-- INFORMATION SHOWN --
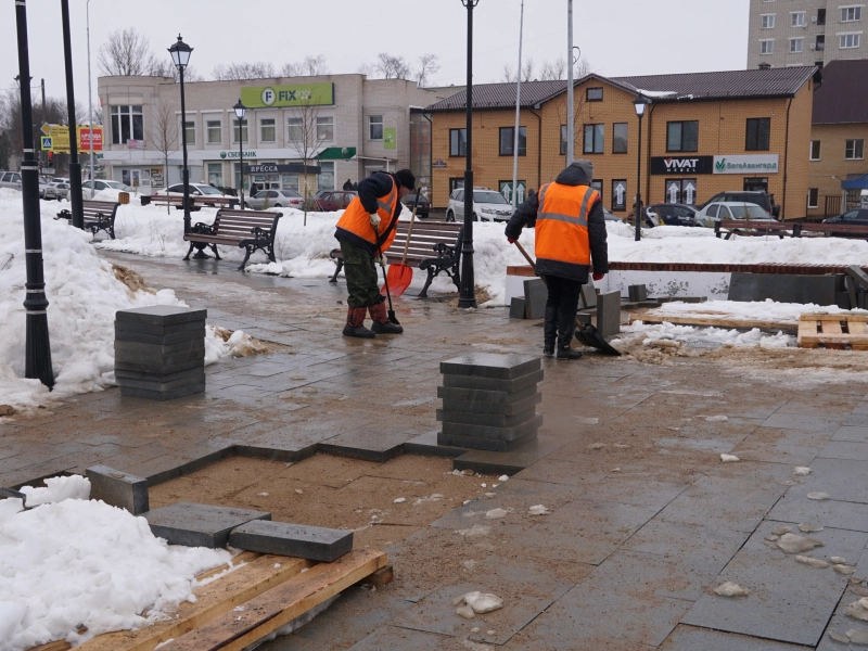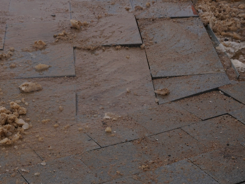 В настоящее время начинается переукладка плитки.
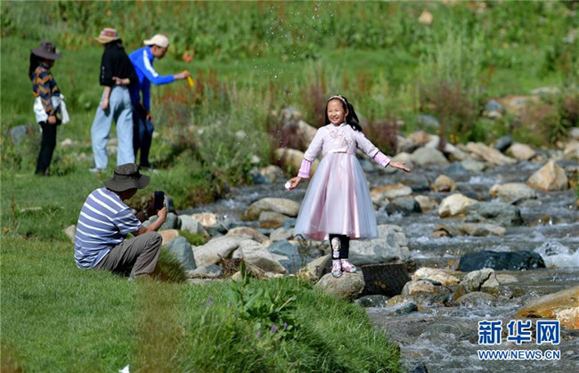 游人在達東村景區(qū)小溪邊玩耍(7月20日攝)。西藏拉薩市柳梧鄉(xiāng)達東村是一個千年古村,也曾是一個貧困村。近年來,依托秀美的自然風(fēng)光、深厚的歷史文化和淳樸的風(fēng)土人情,當?shù)卣畬嵤┪幕糜萎a(chǎn)業(yè)精準扶貧,使達東村蛻變成為鄉(xiāng)村旅游勝地。新華社記者張汝鋒攝
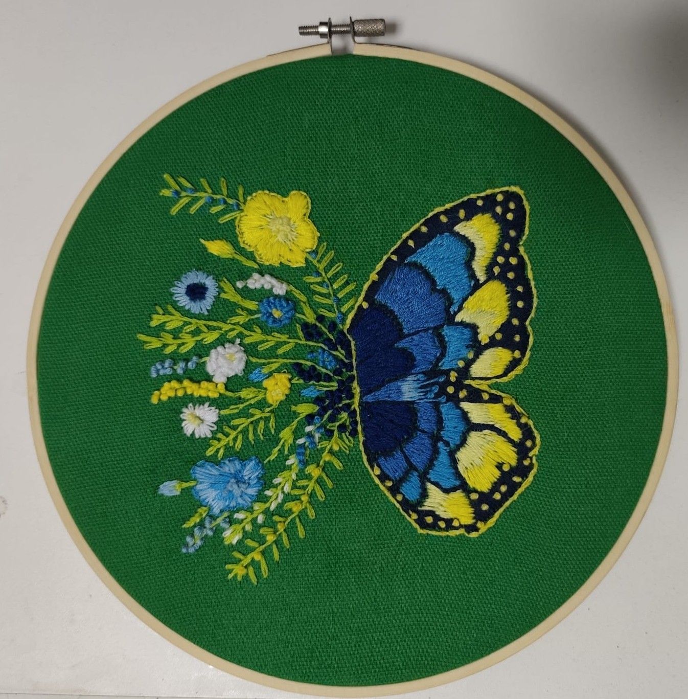 Escolhi bordar uma borboleta acompanhada de flores para criar uma composição delicada e harmoniosa. A borboleta simboliza leveza, transformação e beleza efémera, enquanto as flores ao seu lado reforçam o tema natural, trazendo cor, vida e movimento à peça.

-- EXERCISE DESCRIPTION --
Everything in the listing must be copied exactly except the pictures.

-- TASK RESULT --
 В настоящее время начинается переукладка плитки.
 游人在達東村景區(qū)小溪邊玩耍(7月20日攝)。西藏拉薩市柳梧鄉(xiāng)達東村是一個千年古村,也曾是一個貧困村。近年來,依托秀美的自然風(fēng)光、深厚的歷史文化和淳樸的風(fēng)土人情,當?shù)卣畬嵤┪幕糜萎a(chǎn)業(yè)精準扶貧,使達東村蛻變成為鄉(xiāng)村旅游勝地。新華社記者張汝鋒攝
 Escolhi bordar uma borboleta acompanhada de flores para criar uma composição delicada e harmoniosa. A borboleta simboliza leveza, transformação e beleza efémera, enquanto as flores ao seu lado reforçam o tema natural, trazendo cor, vida e movimento à peça.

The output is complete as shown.